Think of a movie theme song that stayed with you long after you saw the film. Share an experience about that movie or the theme.Silver Valley Girl draws a surprise connection between HP's original laptop computer and "The Way We Were", here and InlandEmpireGirl explores her emotional history with waters and "A River Runs Through It", here.
Few movies inspire joy and nostalgia in me quite like Jonathan Demme's concert film of the Talking Heads, "Stop Making Sense".
Since the movie is a series of songs performed live in concert, it doesn't have a single theme song. Or does it? Is it"Psycho Killer", when the elastic David Byrne puts a cassette player on stage with a rhythm thump playing, hypnotizes his audience with an oddly joyous acoustic version of his homage to urban paranoia and 70's anxiety; or is it "Life During Wartime", an oddly upbeat and joyous homage to urban paranoia with war as a metaphor for the way Byrne saw life in Regan's America, and listening to the song today, well, is the theme that the Reagan years would last forever?
I don't know.
The movie's title "Stop Making Sense" comes from lines in the song "Girlfriend is Better", performed by the wiry Byrne in a huge business suit, making him look twice his size.

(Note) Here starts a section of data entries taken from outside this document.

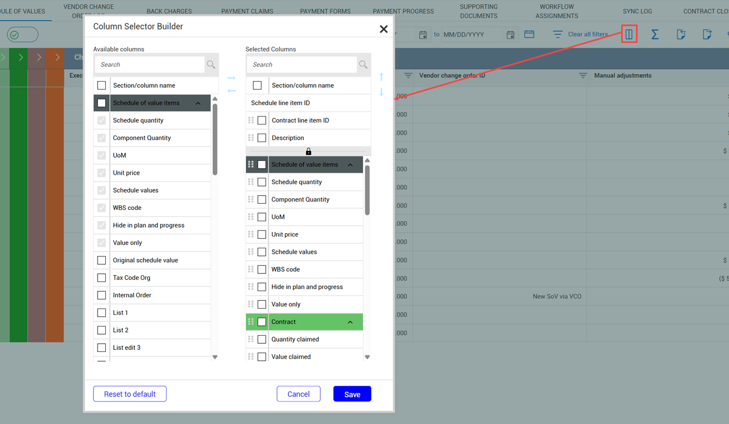 When you open the Schedule of values register, only the Schedule of value items and Summary progress tabs show. You can add other sections and columns as needed. After you have added the sections or columns they remain in the view until they are removed, or you reset the defaults in the Column Selector Builder dialog box.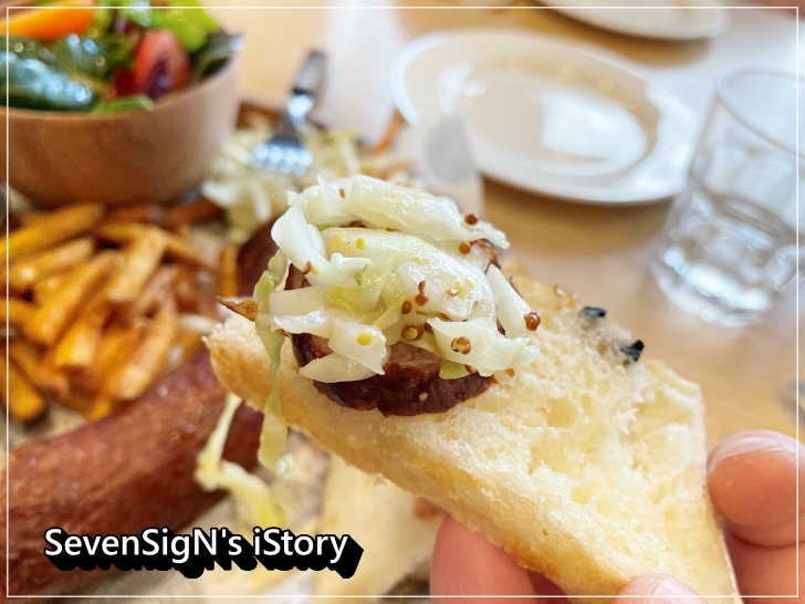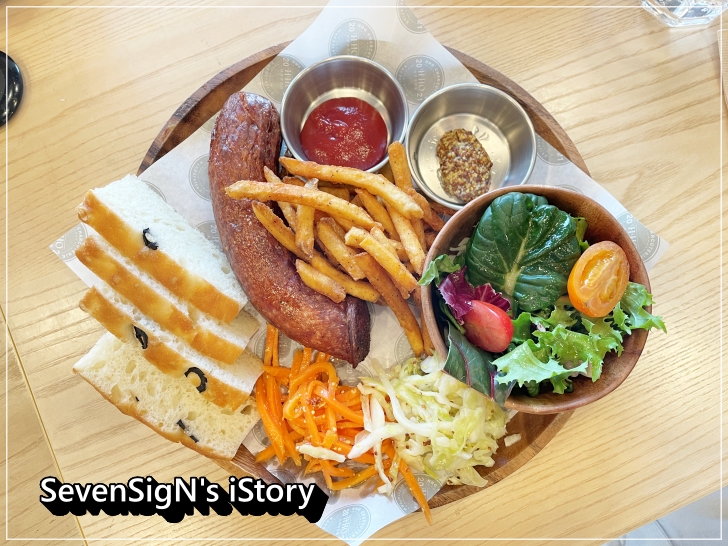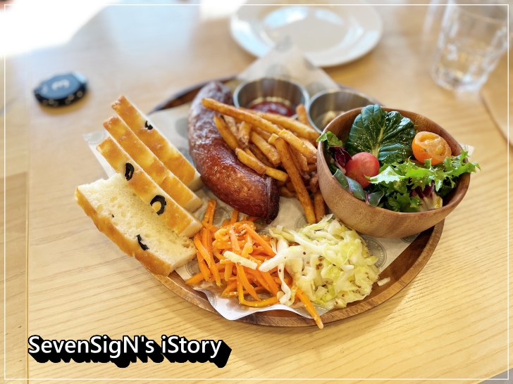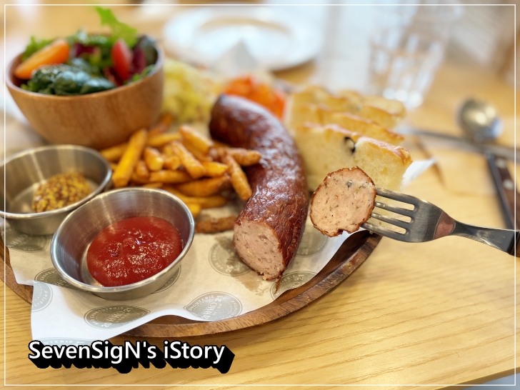 샐러드에서는 신선함이 느껴지고, 수제소시지의 짭쪼름함, 식빵 등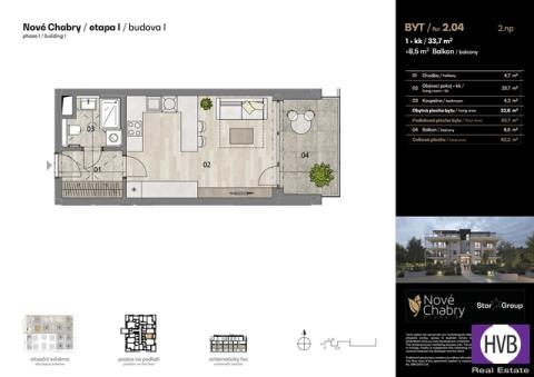 Nabízíme k prodeji nový byt v osobním vlastnictví o dispozici 1+kk, o celkové výměře 33,7 m² s balkónem o velikosti 8,5 m². Byt se nachází ve 2. nadzemním podlaží novostavby z roku 2026 v rámci rezidenčního projektu Nové Chabry, v ulici U Traktorky, Praha 8 – Dolní Chabry.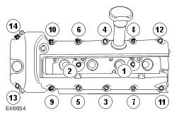 ^ Remove the 14 valve cover retaining bolts.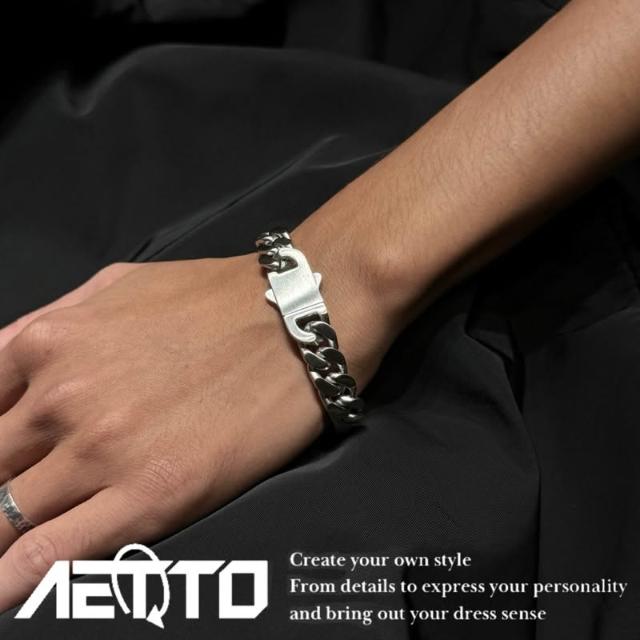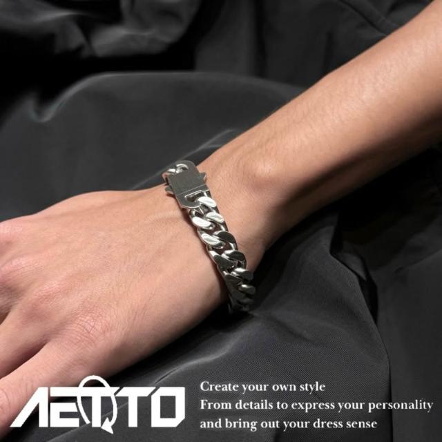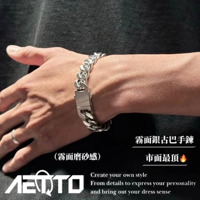 𝑨𝑬𝑻𝑻𝑶 霧面銀古巴手鍊 重磅 11MM 訂製款 扣式 粗款 醫療鋼 手鍊 古巴手鍊 古巴鍊 鈦鋼手鍊 男生手鍊 飾品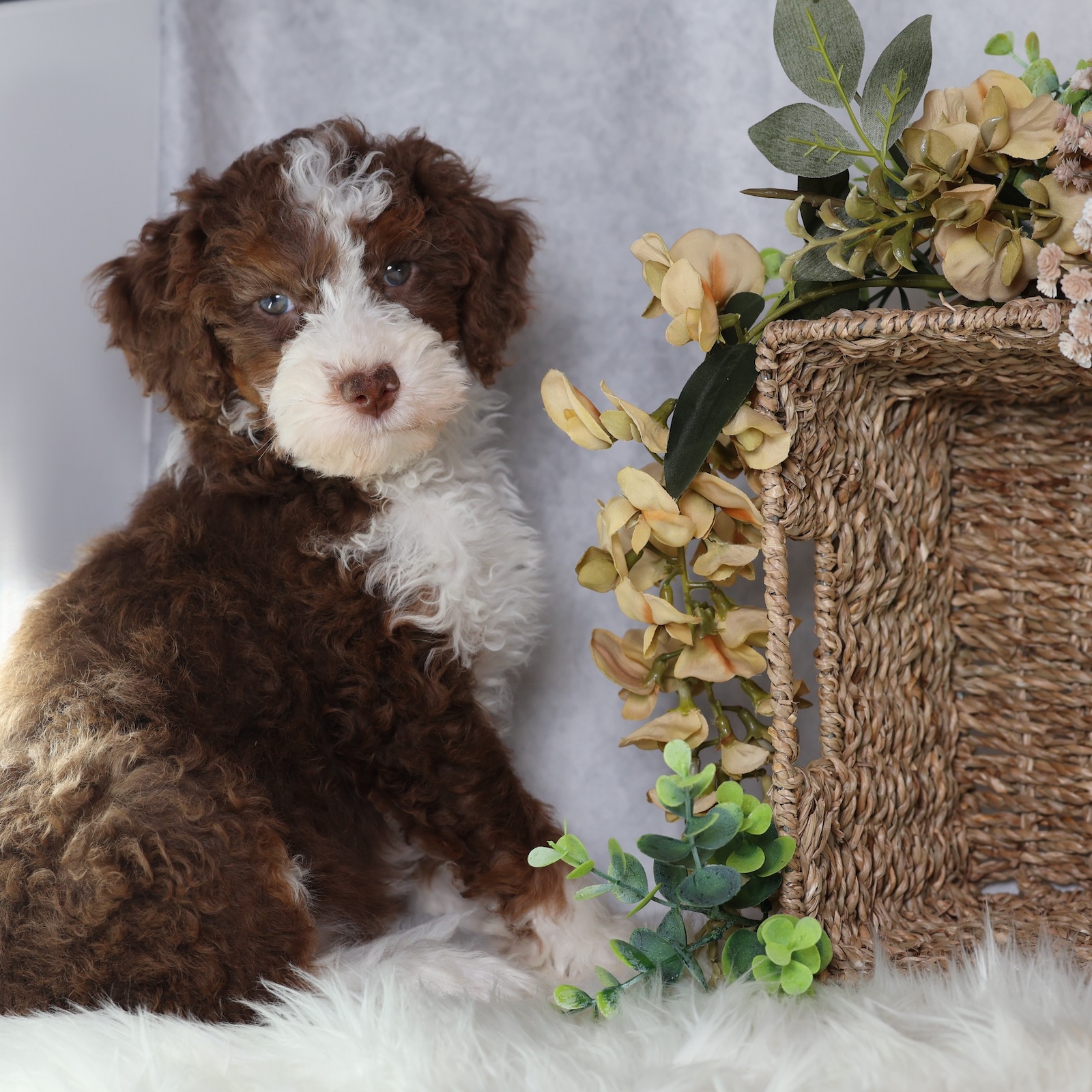 Rusty is a lively, affectionate little guy who fills every room with happiness. His playful personality shines through in his anticsโchasing toys, exploring corners, and discovering new ways to make you laugh. Rusty also has a gentle side, loving nothing more than curling up for cozy snuggles after a fun-filled day. He spreads joy effortlessly, reminding everyone around him that life is brighter with a Bernedoodle by your side. Rustyโs love, laughter, and boundless energy make him a puppy who creates lasting happiness wherever he goes.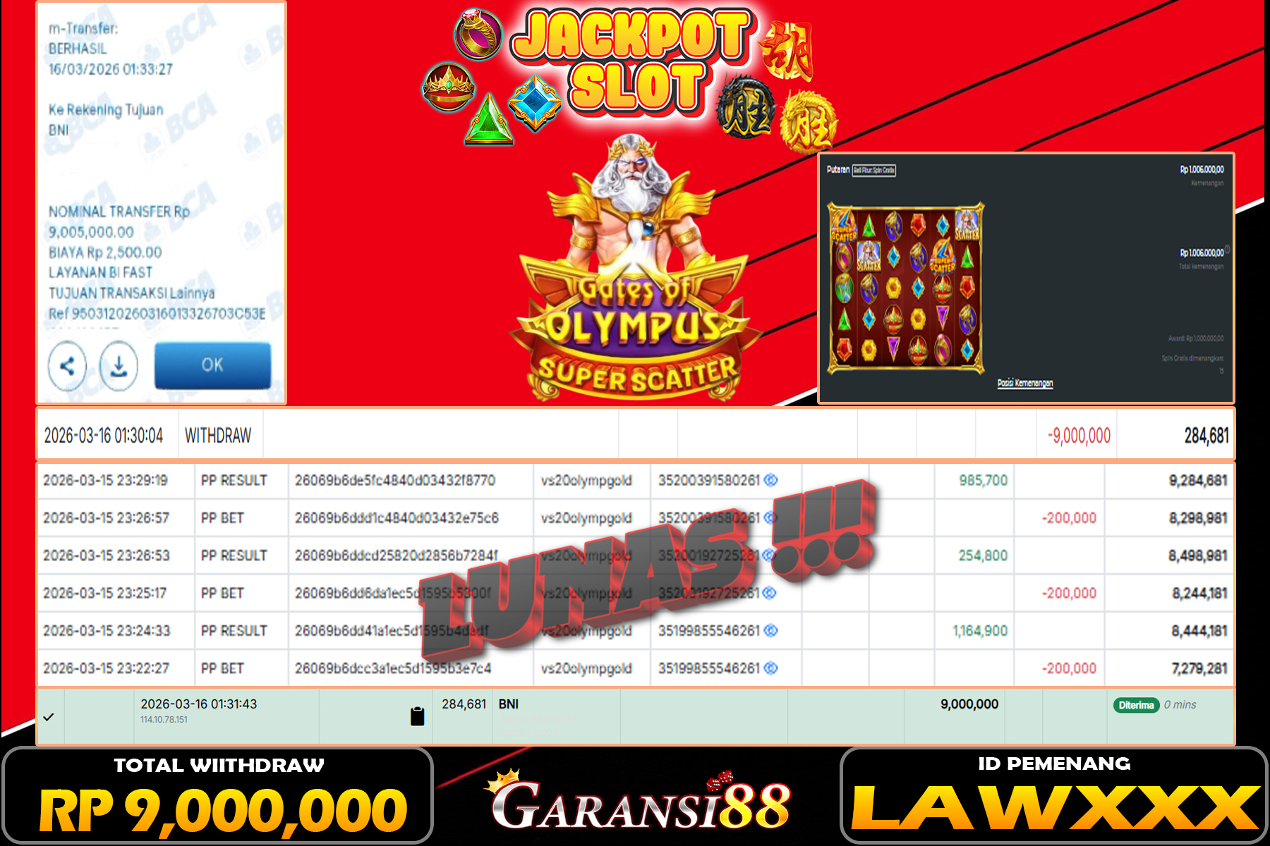 JACKPOT GATES OF OLYMPUS 16 MARET 2026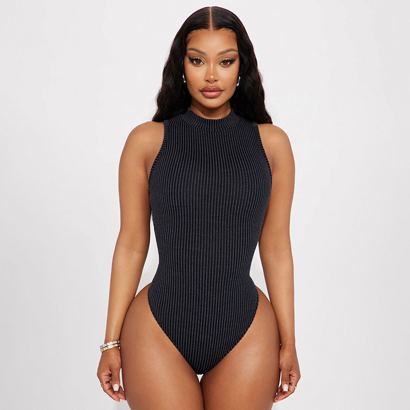 Amazon Solid Color Rib Basic All-Match Bodysuit Round Neck Sleeveless Tight Summer Outer Wear Mid-Length Bodysuit

The concert and its music is all about multiple identities, lost identities, unknown identities, about the absurdity of living in a world so alien to what sustains life that we find ourselve not knowing who we are, constantly changing identities to try to adapt. We end up, as Byrne performs, as creatures whose gestures are disconnected from the words we say/sing and whose emotional responses are so confused that we dance joyously during war time and while someone is burning down the house.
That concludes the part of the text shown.